Monday, July 29, 2013

The Dark Side of Natural Gas


Related to the Transco pipeline that passes through the Princeton Ridge, an OpEd in today's NY Times, entitled "Gangplank to a Warm Future", contends that natural gas is not the clean fuel many proclaim it to be. Given the leakage of methane into the atmosphere during extraction and transport, it contributes as much or more to global warming as other fossil fuels. According to the author of the OpEd, Anthony R. Ingraffea, methane, the main component of natural gas, "is a far more powerful greenhouse gas than carbon dioxide, though it doesn’t last nearly as long in the atmosphere.
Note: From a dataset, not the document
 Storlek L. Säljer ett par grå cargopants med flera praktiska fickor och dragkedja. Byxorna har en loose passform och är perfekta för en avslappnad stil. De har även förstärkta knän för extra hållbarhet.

Still, over a 20-year period, one pound of it traps as much heat as at least 72 pounds of carbon dioxide. Its potency declines, but even after a century, it is at least 25 times as powerful as carbon dioxide. When burned, natural gas emits half the carbon dioxide of coal, but methane leakage eviscerates this advantage because of its heat-trapping power."
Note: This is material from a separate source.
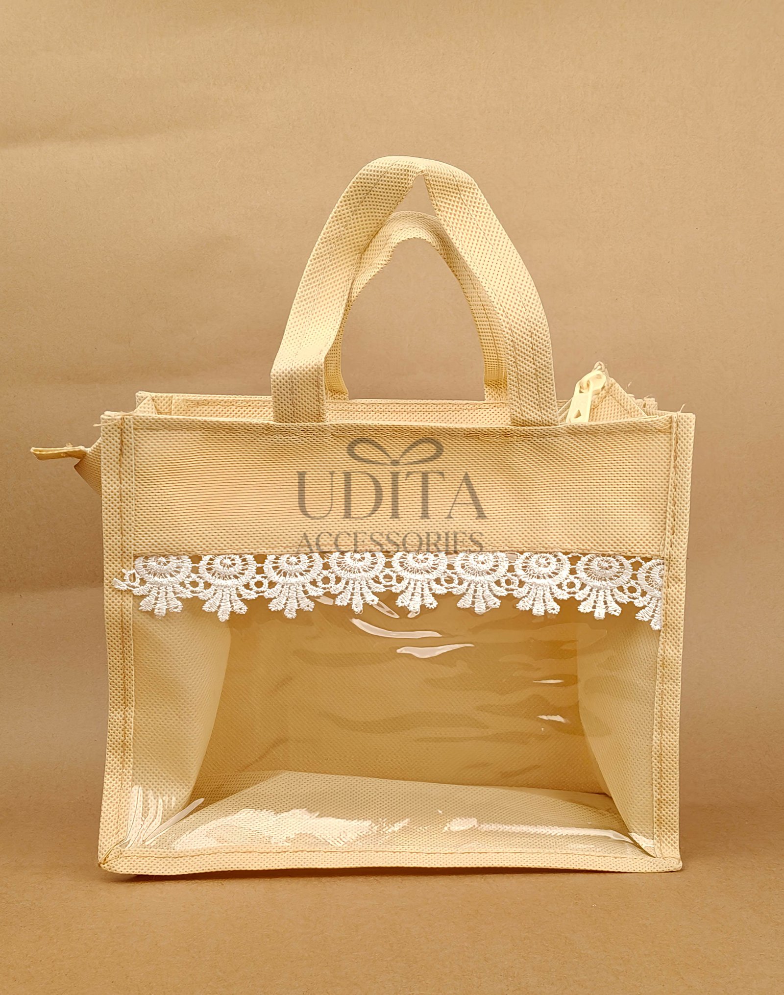 Eco-friendly jute bag with a transparent window to display gifts inside. Perfect for hampers, return gifts, and festive packaging. Sturdy, reusable, and elegant. Adds a natural and rustic charm to your gifting style.

Ingraffea, "a longtime oil and gas engineer who helped develop shale fracking techniques for the Energy Department", describes the challenges involved in reducing leakage from hydraulic fracturing wells, and adds that it is difficult to prevent old oil and gas wells from developing leaks over time.

As is typical, as consumers protected from awareness of the consequences of our consumption, we experience natural gas as a wonderful and clean fuel for our stoves and furnaces, while all the pollution involved in extraction and transport of that fuel remains hidden.